The ATV programme was part of a barter arrangement between ESA and its international partners through which ESA pays its share of the running costs of the International Space Station by supplying vital equipment and systems.
The spacecraft formed part of the Station’s supply fleet, alongside Russia’s Progress and Soyuz, Japan’s HII Transfer Vehicle and America’s Dragon and Cygnus commercial ferries.
The knowledge gained by ESA and European industry from designing, building and operating the complex ATV missions has been instrumental for ESA’s participation in NASA’s Orion spacecraft that will fly astronauts to the Moon and beyond.
ESA’s industrial partners are already building the European Service Module, ATV’s technical successor, a critical module for Orion that will supply power, air and propulsion during the test flight in 2017.
“It is with a feeling of pride that we look back at our accomplishments on the ATV programme,” says Thomas Reiter, Director of Human Spaceflight and Operations .
“We look forward to applying the experience and knowledge we gained from designing, building and operating five ATV spacecraft with excellent results to future exploration missions using the successor European Service Module of the Orion vehicle.”

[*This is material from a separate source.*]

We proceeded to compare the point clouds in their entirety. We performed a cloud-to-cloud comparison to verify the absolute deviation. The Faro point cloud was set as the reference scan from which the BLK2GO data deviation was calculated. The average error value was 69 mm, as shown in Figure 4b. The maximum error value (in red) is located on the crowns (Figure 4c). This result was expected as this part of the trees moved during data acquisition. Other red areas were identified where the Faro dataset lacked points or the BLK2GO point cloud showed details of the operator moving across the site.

About the European Space Agency
The European Space Agency (ESA) provides Europe’s gateway to space.
ESA is an intergovernmental organisation, created in 1975, with the mission to shape the development of Europe’s space capability and ensure that investment in space delivers benefits to the citizens of Europe and the world.

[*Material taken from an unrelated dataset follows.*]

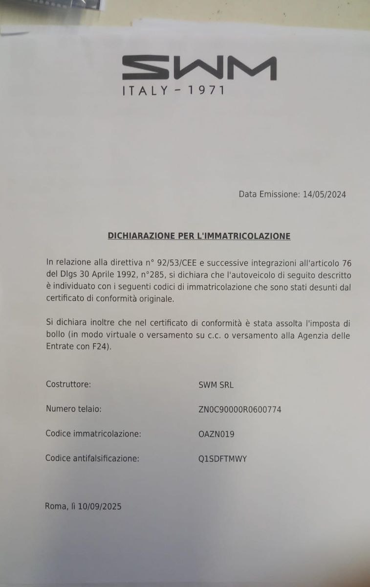 Da ich beabsichtige eine SWM aus Italien zu importieren

ESA has 20 Member States: Austria, Belgium, the Czech Republic, Denmark, Finland, France, Germany, Greece, Ireland, Italy, Luxembourg, the Netherlands, Norway, Poland, Portugal, Romania, Spain, Sweden, Switzerland and the United Kingdom, of whom 18 are Member States of the EU. Two other Member States of the EU, Hungary and Estonia, are likely soon to become new ESA Member States.

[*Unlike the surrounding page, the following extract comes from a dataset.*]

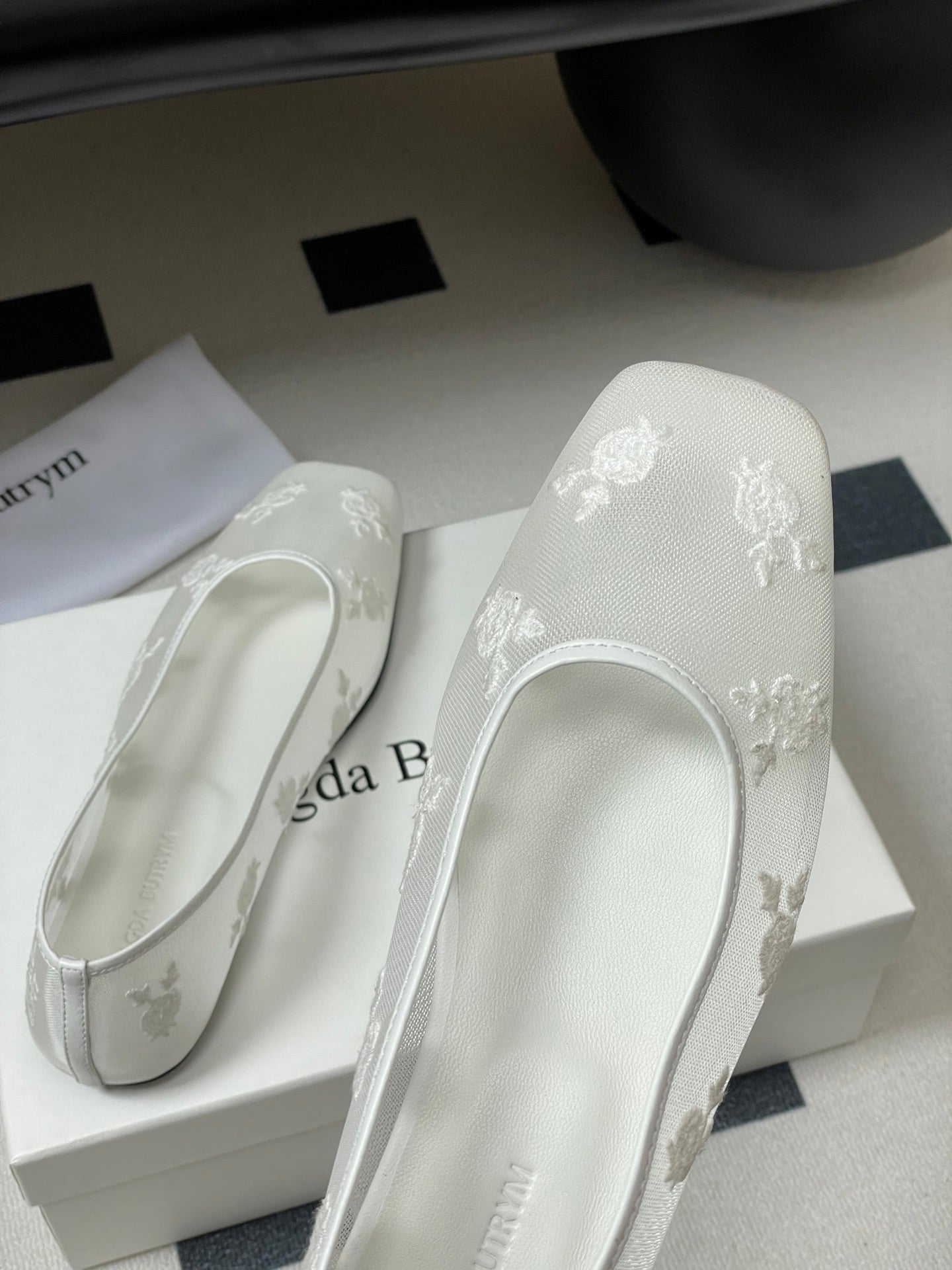 Manolo 25 Ballet Flats White Mesh Fabric 319741

ESA has Cooperation Agreements with six other Member States of the EU. Canada takes part in some ESA programmes under a Cooperation Agreement.
ESA is also working with the EU on implementing the Galileo and Copernicus programmes.
By coordinating the financial and intellectual resources of its members, ESA can undertake programmes and activities far beyond the scope of any single European country.
ESA develops the launchers, spacecraft and ground facilities needed to keep Europe at the forefront of global space activities.
Today, it develops and launches satellites for Earth observation, navigation, telecommunications and astronomy, sends probes to the far reaches of the Solar System and cooperates in the human exploration of space.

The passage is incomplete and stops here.